This reads like you haven't tried CUDA. The whole point of CUDA is that your CUDA code has single-threaded semantics. The problem you assumed it has is the problem it doesn't have, and the fact that it doesn't have this problem is the reason why it works and the reason why it wins.
EDIT: ok, now you're talking about the hardware difference between CPUs and GPUs. This is relevant for the types of programs that each can accelerate -- barrel processors are uniquely suited to embarrassingly parallel problems, obviously -- but it is not relevant for the question of "how to write code that is generic across block size, boundary conditions, and thread divergence." CUDA figured this out, non-embarassingly-parallel programs still have this problem, and they should copy what works. The best time to copy what works was 20 years ago, but the second best time is today.
re edit - While the hardware differences are significant, some by necessity, some by tradition, it's not my point.
My specific point is that "how to write code that is generic across block size, boundary conditions, and thread divergence." is just not the correct question to ask for many CPU SIMD use-cases. Many of those Just Do Not Fit That Paradigm. If you think you can just squeeze CPU SIMD usage into that box then I don't think you've actually done any CPU SIMD beyond very trivial things (see my example problem in the other thread).

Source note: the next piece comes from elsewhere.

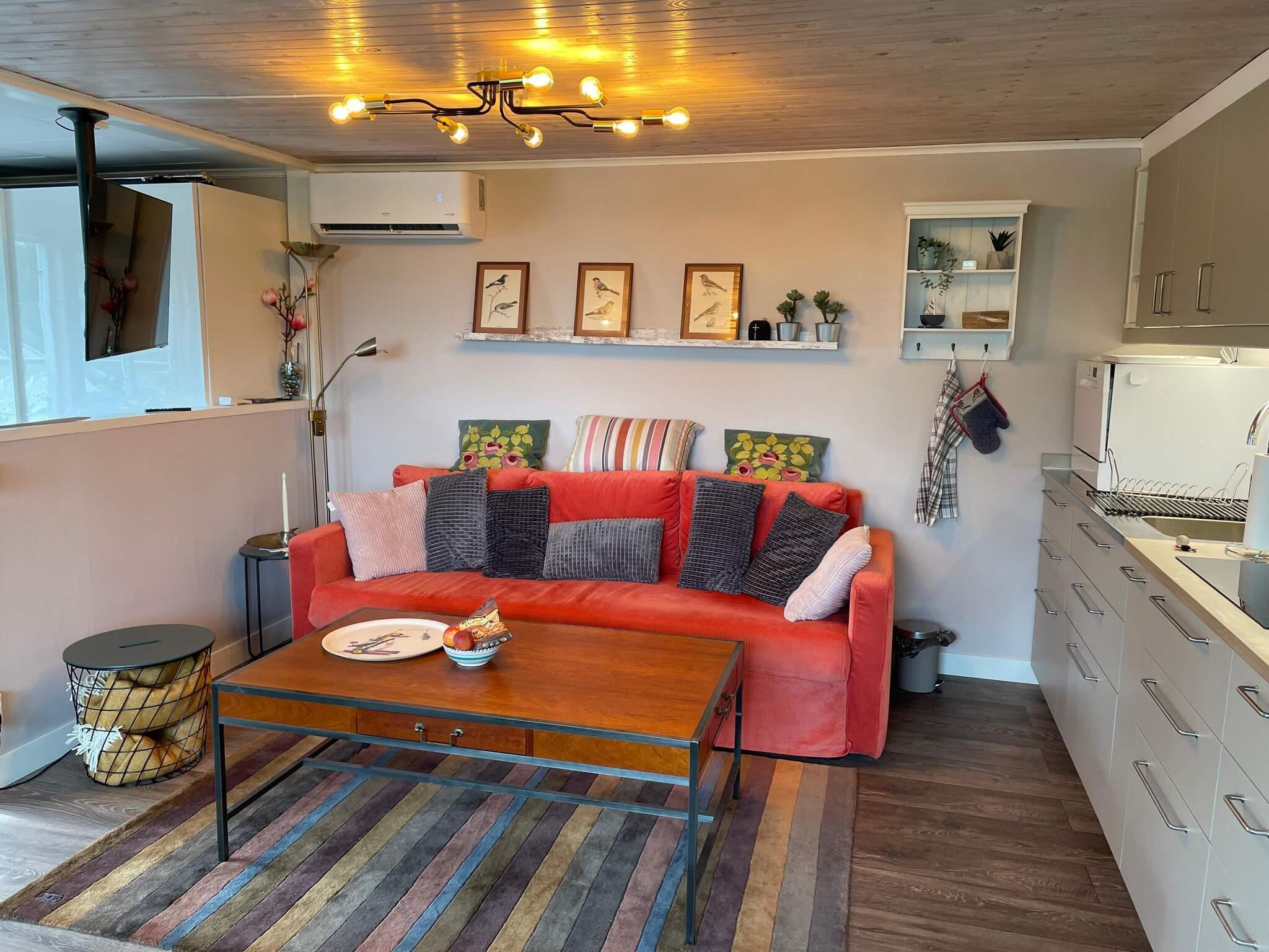 Stugan består av ett större allrum med en välutrustad köksdel och en matplats vid fönstret där ni kan blicka ned mot Hjälmarens vatten. En mjuk och bekväm soffa där ni kan sitta och vila efter dagens aktiviteter, kanske titta på något avkopplande på tv’n. Nattetid omvandlas soffan till en bekväm säng.

You want to take advantage of block size on CPUs. It's sad that GPU programmers don't get to. In other places I've seen multiple GPU programmers annoyed at not being able to do the CPU SIMD programming paradigm of explicit registers on GPUs. And doing anything about thread divergence on CPUs is just not gonna go well due to the necessary focus on high clock rates (and as such having branch mispredictions be relatively ridiculously expensive).
You of course don't need any of fancy anything if you have a pure embarassingly-parallel problem, for which GPUs are explicitly made. But for these autovectorization does actually already work, given hardware that has necessary instructions (memory gathers/scatters, masked loads/stores if necessary; and of course no programming paradigm would magically make it work for hardware that doesn't). At worst you may need to add a _Pragma to tell the compiler to ignore memory aliasing, at which point the loop body is exactly the same programming paradigm as CUDA (with thread synchronization being roughly "} for (...) {", but you gain better control over how things happen).
It has single-threaded semantics per element. Which is fine for anything that does completely independent computation for each element, but is quite annoying for everything else, requiring major algorithmic changes. And CPU SIMD is used for a lot of such things.